As they approached the house, they could see only trees. The house was in a dip, a rounded hollow like a giant had pressed his thumb into the land. The trees had grown up and out, closing over the house so only a few chipped chimney pots emerged. Either that, or the house had sunk deeper into the belly of the island.
Signe was pleased to see them, though surprised. Perhaps not as surprised as she should have been, considering that Islay had neglected to tell her that they were coming. Islay would have been pleased and unsurprised, but she was at work.
‘Coffee?’ asked Signe, not waiting for an answer. She swayed out of the front room, and her years of dance gave her excellent control ove
r her body.
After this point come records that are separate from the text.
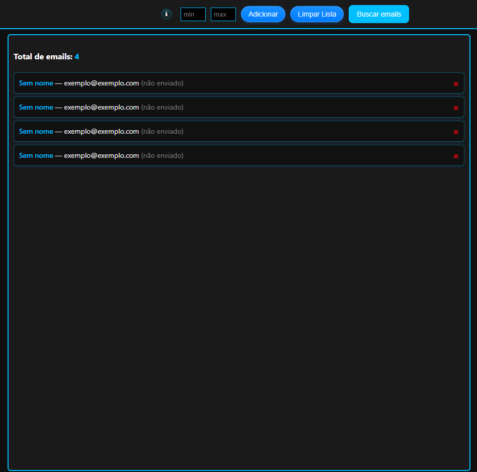 Com o X-Mail, você controla seus envios em um painel fluido e moderno, com animações e indicadores visuais de status. Tudo pensado para eficiência e praticidade.
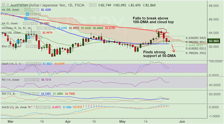 - The pair finds support at 50-DMA and we see further weakness only on break below.
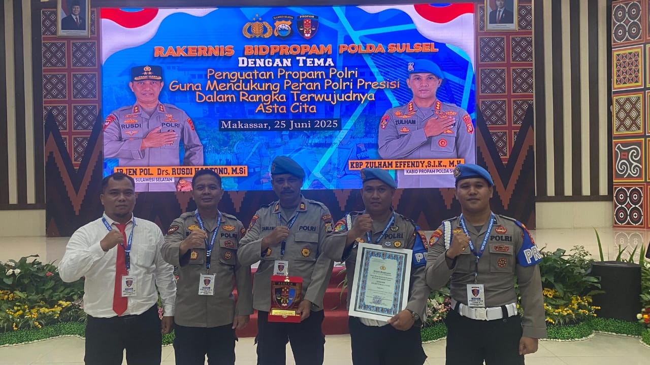 KAREBA, MAKASSAR –Kepolisian Resor (Polres) Toraja Utara kembali menorehkan prestasi membanggakan dalam Rapat Kerja Teknis (Rakernis) Bidang Profesi dan Pengamanan (Bidpropam) Kepolisian Daerah Sulawesi Selatan (Polda Sulsel) Tahun 2025. Kegiatan ini berlangsung di Aula Mappaoddang Polda Sulsel, Rabu (25/6/2025).
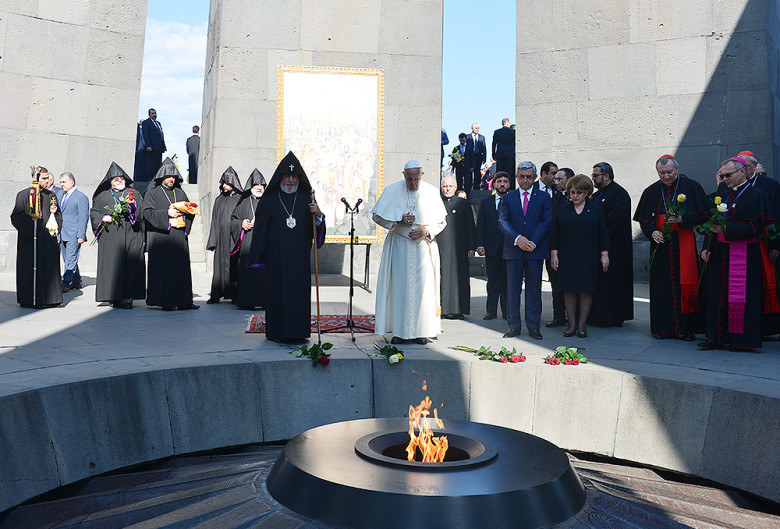 2016-Ֆրանցիսկոս Պապը Հայաստան այցի շրջանակներում այցելել է Ծիծեռնակաբերդի հուշահամալիր և ծաղիկներ է խոնարհել անմեղ զոհերի հիշատակը հավերժացնող անմար կրակի մոտ;

You would have to look closely to see that her gait was not quite as elegant as it was, that her steps fell heavy and her hips were held stiff.
In the minutes that Mara and Pearl were alone in the room, they said nothing. Pearl wanted to say something. She wanted to talk about calling an estate agent. She wanted to talk about how long it would take to shut up the house. She wanted to see whether they could do it all remotely, because she was beginning to suspect that it wasn’t doing any of them any good to be on this island. She’d never quite figured out how it worked, but she knew its magic was a dark one.
Mara did not talk about any of these things, because she was too busy straining her ears over the sounds of the kitchen – the boiling kettle, the clatter of cups – to hear the creaks and cracks of her mother’s crumbling body. She couldn’t stay here. She didn’t want to be stone. She wanted to fix the house, and fix her mother, and fix her sister. And then she wanted to leave. Perhaps she didn’t even need to be here for long. It wasn’t all or nothing: live on the island forever or leave it forever. Maybe if she phoned home more, or sent more money, or visited every few months, then perhaps her mother – perhaps her sister … but she knew that wasn’t enough.
Signe wasn’t thinking about her crumbling body, or whether her daughter was discussing plans with her mermaid lover. She wasn’t thinking much of anything. Or rather, she was thinking too much of everything. This grey flutter in her mind, these endless wingbeats. To have so many children with so many needs – three mouths to feed, six hands to wipe clean, so many tiny white teeth to preserve. How any mother got anything else done. Well, why would they have to do anything else? What else was there?